Comment by iammjm
21 hours ago
Brood War IS the absolute apex. This is the game that started e-sports. It is what defined the modern RTS games. It is also the most difficult game. Flash, the best Brood War player, is arguably the best e-sports player of all time.
Oh goodness, Brood War most certainly is not the game that started e-sports, tho I of course appreciate your enthusiasm for the game.
Technically I guess Spacewar! was the one who started e-sports, was the first game people competed in. Personally, growing up in Sweden, I think FPS (namely CS1.5/1.6) was the first game that enabled people to play games professionally on a international level, so I'll always associate CS with starting that, but again, technically I guess Quake was the first FPS people competed in professionally, at least in the US.
Of course it wasnt the first time someone watched people playing video games against eachother.
The Korean Brood war scene was an entirely different level from anything that came before it though. The idea of announcers and gamers getting rich & famous from playing a video game live was unheard of before that.
I agree. I think people underestimate the size of the Korean Brood War scene, even relatively early on. In my country, I had seen some huge LAN parties with associated competitions, but then I got introduced to Korean Brood War competitions; they were filling stadiums with audiences and had pyrotechnics and professional TV productions and everything. It was insane.
It started modern esports. There were gaming competitions in the 80s, but there weren't team houses, coaches, analysts, big money sponsors, regular huge events, dedicated TV channels, players in prime time commercials and dating actresses and pop stars, etc... Brood War hit in Korea like nothing before or after it. There were literally three full time, 24/7 TV channels showing Starcraft content at it's peak. No other game has ever done that.

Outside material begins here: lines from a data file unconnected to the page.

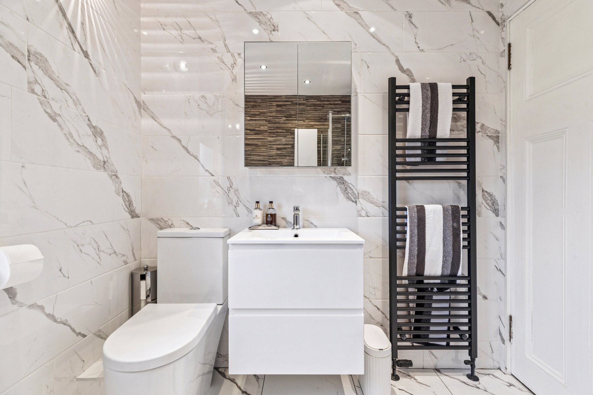 On the first floor there is bay windowed bedroom one with feature fireplace, second double sized bedroom with tiled en-suite shower room off with white two piece suite, vanity unit and separate walk-in shower, incredible tiled bathroom with two piece suite, vanity unit, heated towel rail, standalone bath, separate walk-in shower and under floor heating and fourth bedroom.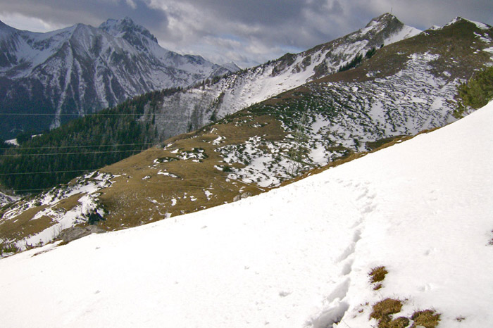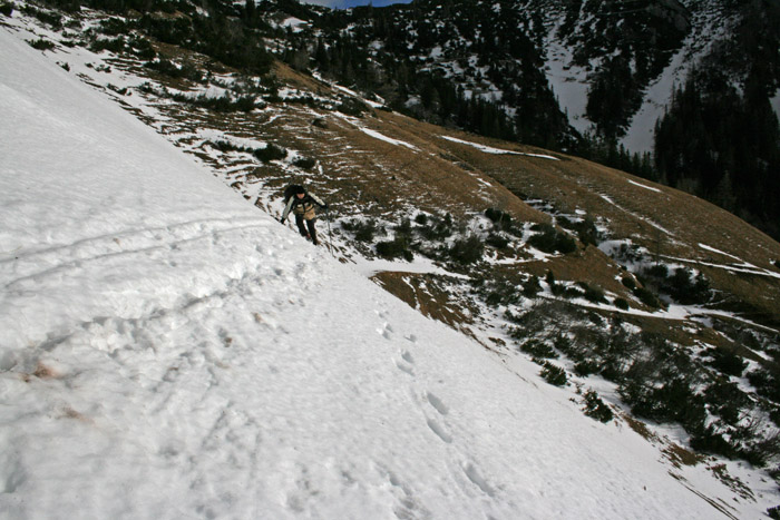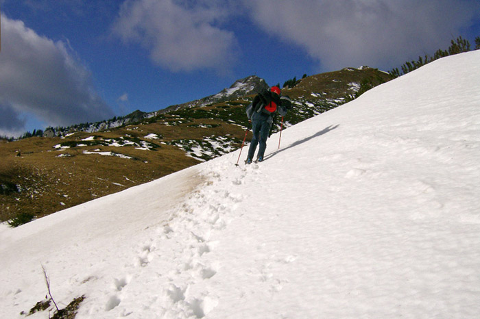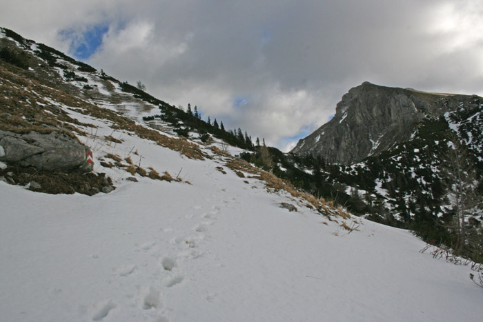 Kurzbeschreibung | Bei kräftigem Wind geht es vom Präbichl über verschneite Forststrassen(Steigeisentest!) bis kurz vor den Lammingsattel wo Harry allein weiter marschiert. Ich kehre zur Leobner Hütte um. Von dort noch ein weiterer Aufstieg zur Umgehung eines Schneefeldes um schliesslich wieder zum Präbichl zurückzukehren. |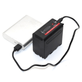 Ela possui uma saída USB de 2.1A e uma entrada Micro-USB de 5V que pode ser usada para carregar com um plugue de parede ou uma fonte de alimentação USB. A Capacidade da Bateria NP-F980 pode ser verificada rapidamente através do medidor LED de 4 segmentos.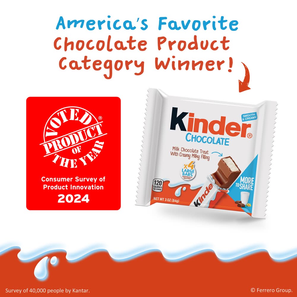 Enjoy smooth milk chocolate with a creamy, milky filling and discover the irresistible taste of Chocolate in this pack of 4 shareable, large chocolate bars. Individually wrapped and perfectly portioned, Chocolate bars are great for sharing the delicious, creamy taste of with the ones you love. With Chocolate, little things really can mean a lot. That's why every bar is made without artificial colors and preservatives. Crafted for kids, loved and shared by all. For over 70 years, Ferrero has created products loved by generations. We've grown from a bakery in Alba, Italy, into a confectionery company loved around the world. We're committed to helping people celebrate life's special moments with high-quality products. Based upon a survey of 40,000 people by Kantar for America’s favorite chocolate product category.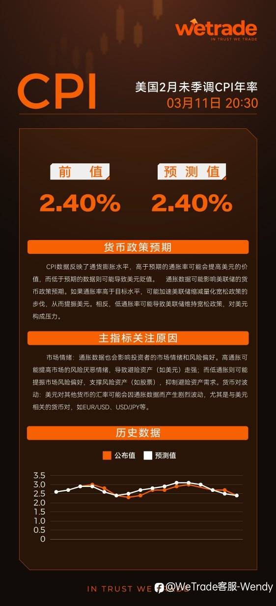 关注3月11日美国2月未季调CPI年率数据发布!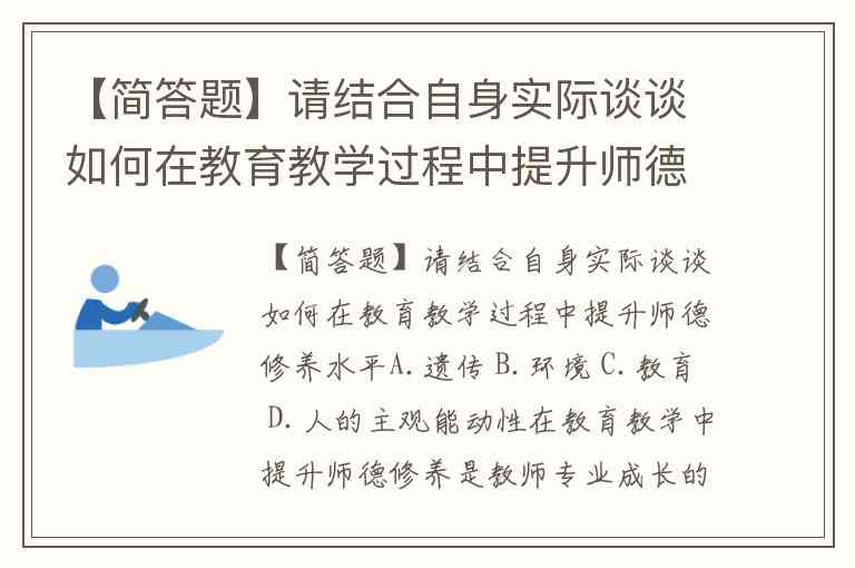 【简答题】请结合自身实际谈谈如何在教育教学过程中提升师德修养水平A.遗传 B.环境 C.教育 D.人的主观能动性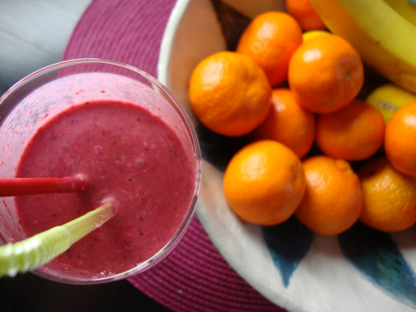 Halutessa joukkoon voi lisätä vielä kourallisen kauratyynejä tai leseitä tai/ja lorauksen täysmehua. Lisää supervoimaa saat lisäämällä vielä mukaan gojimarjoja. Marjoja ja hedelmiä voi vaihdella oman maun mukaan. Tästä tulee noin 1½-2 annosta.

Flash was an absolute legend.
I do wonder if Brood War's long period without balance patches helped or hurt it as an esport. In modern games, it feels like developers "shake up the meta" on purpose, whereas in brood war, it was up to map designers to ensure balance. This made it easier for long time fans to appreciate tactics... in SC2, I have to be caught up on the latest balance patches to appreciate anything.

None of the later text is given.